Chapter 4: Autograd & Gradients¶

🔢 Learning Objectives

Understand automatic differentiation
Compute gradients automatically
Control gradient computation
Debug gradient flow

What is Autograd?¶

Autograd is PyTorch's automatic differentiation engine that powers neural network training. It automatically computes gradients (derivatives) of tensor operations, which are essential for optimization algorithms like gradient descent.

Why Autograd is Powerful

Autograd eliminates the need to manually compute derivatives, which is error-prone and time-consuming. It automatically builds a computation graph and computes gradients using the chain rule.

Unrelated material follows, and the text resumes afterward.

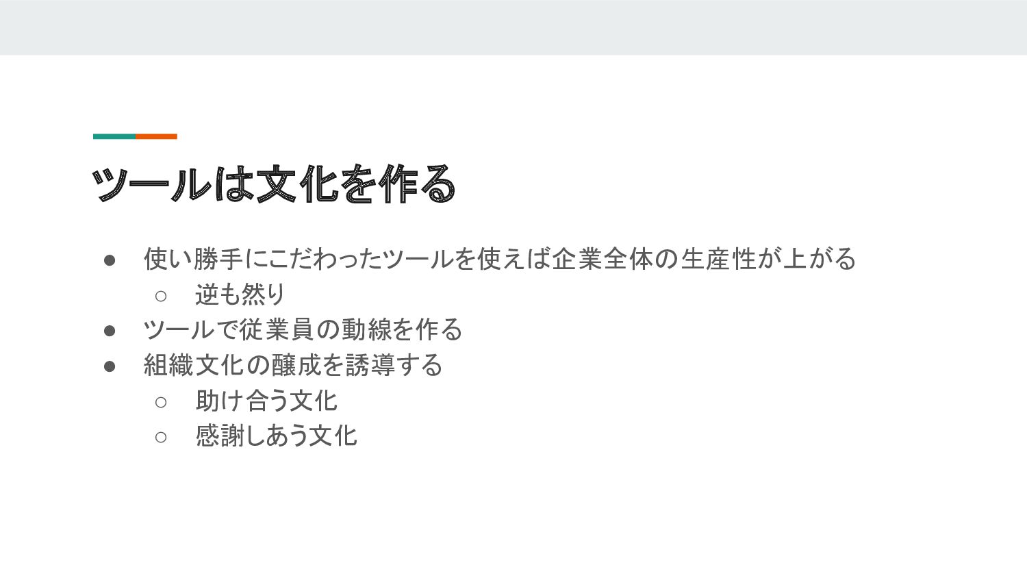 ツールは文化を作る • 使い勝手にこだわったツールを使えば企業全体の生産性が上がる ◦ 逆も然り • ツールで従業員の動線を作る • 組織文化の醸成を誘導する ◦

Understanding the Computation Graph

PyTorch builds a dynamic computation graph as you perform operations. When you call .backward(), it traverses this graph in reverse to compute gradients using backpropagation.

Why Autograd Matters¶

🎯 Automatic: No manual derivative calculations
🔄 Dynamic: Build graphs on-the-fly (define-by-run)
📊 Efficient: Optimized backward pass computation
🧮 Flexible: Supports complex operations and custom functions

Enabling Gradient Tracking¶

import torch

# Create tensors with gradient tracking
x = torch.tensor([2.0, 3.0], requires_grad=True)
print(f"x: {x}")
print(f"Requires grad: {x.requires_grad}")
print(f"Is leaf: {x.is_leaf}")
print(f"Gradient: {x.grad}")  # None initially

# Create tensor without gradient tracking (default)
y = torch.tensor([1.0, 2.0])
print(f"\ny requires grad: {y.requires_grad}")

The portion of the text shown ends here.